Result in line
Altium reported an FY23 result consistent with both our forecasts and the guidance. Revenue increased 19% to US$263.3m (vs BPe US$261.0m and guidance US$255- 265m) and the statutory EBITDA margin improved from 36.2% in FY22 to 36.5% in FY23 (vs BPe 37.0% and guidance 35-37%). Operating cash flow was negatively impacted by a A$40m payment to the ATO in H2 though Altium is contesting the payment and expects to recover it in future periods. The final dividend of A29.0c was ahead of our forecast of A28.0c but there was no franking (vs BPe 40%).
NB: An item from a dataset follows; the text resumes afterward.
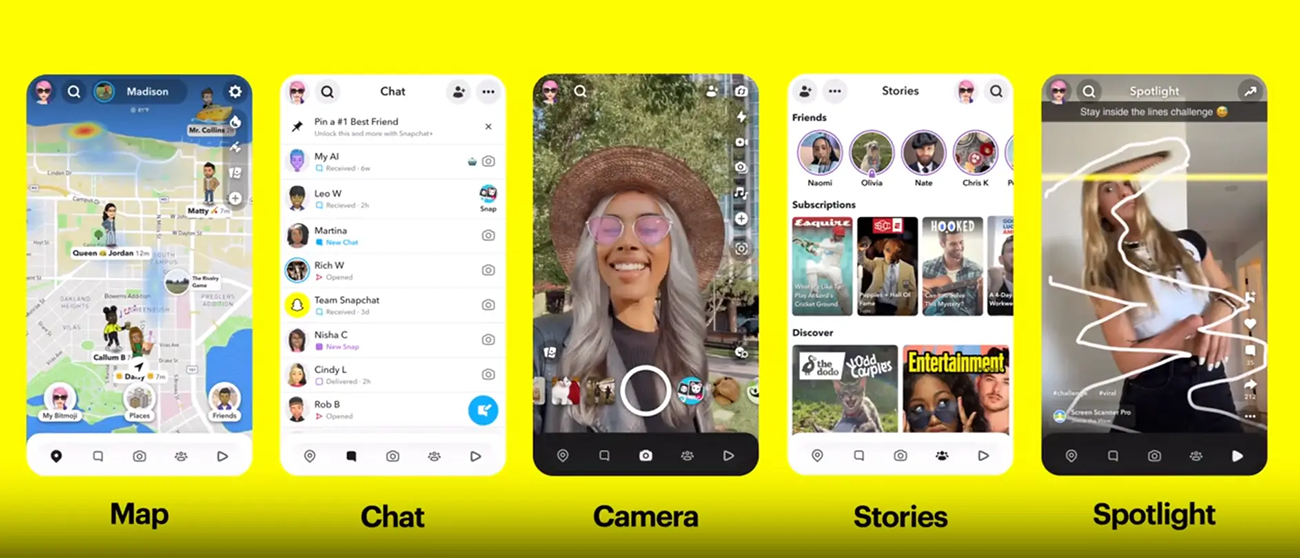 Snapchat, however, doesn’t focus on virality; instead, it favors personal engagement through messaging, Snap Maps, and curated Snap Ads shown between Snapchat Stories.

Guidance in line or slightly below
Altium provided FY24 guidance of revenue b/w US$315-325m (vs BPe US$318m) and an EBITDA margin b/w 35-37% (vs BPe 38%). The company also reiterated its FY26 aspirational target of US$500m revenue (vs BPe US$448m) and a 38-40% EBITDA margin (vs BPe 40%). The company also reiterated the 100k subscriber target by FY26 but said the revenue could be achieved with only 75-90k seats on subscription.
Modest EPS downgrades
We have downgraded our EPS forecasts by c.1% in both FY24 and FY25. The downgrades have been driven by reductions in our margin estimates while our revenue forecasts are actually increased by c.1% in FY24 and FY25. Our FY26 revenue forecast is also modestly increased to US$450m but remains below the aspirational target. We assume no acquisitions in our forecasts.
Investment view: PT down 6% to $40.00, Maintain HOLD
With risk of a downgrade to the FY26 aspirational revenue target – in the absence of any acquisitions – we reduce the multiples we apply in the PE ratio and EV/EBITDA from 50x and 30x to 45x and 25x and also increase the WACC we apply in the DCF from 9.0% to 9.4%. This combined with the changes in our forecasts has resulted in a 6% decrease in our PT to A$40.00 which is <15% premium to the share price so we maintain our HOLD recommendation.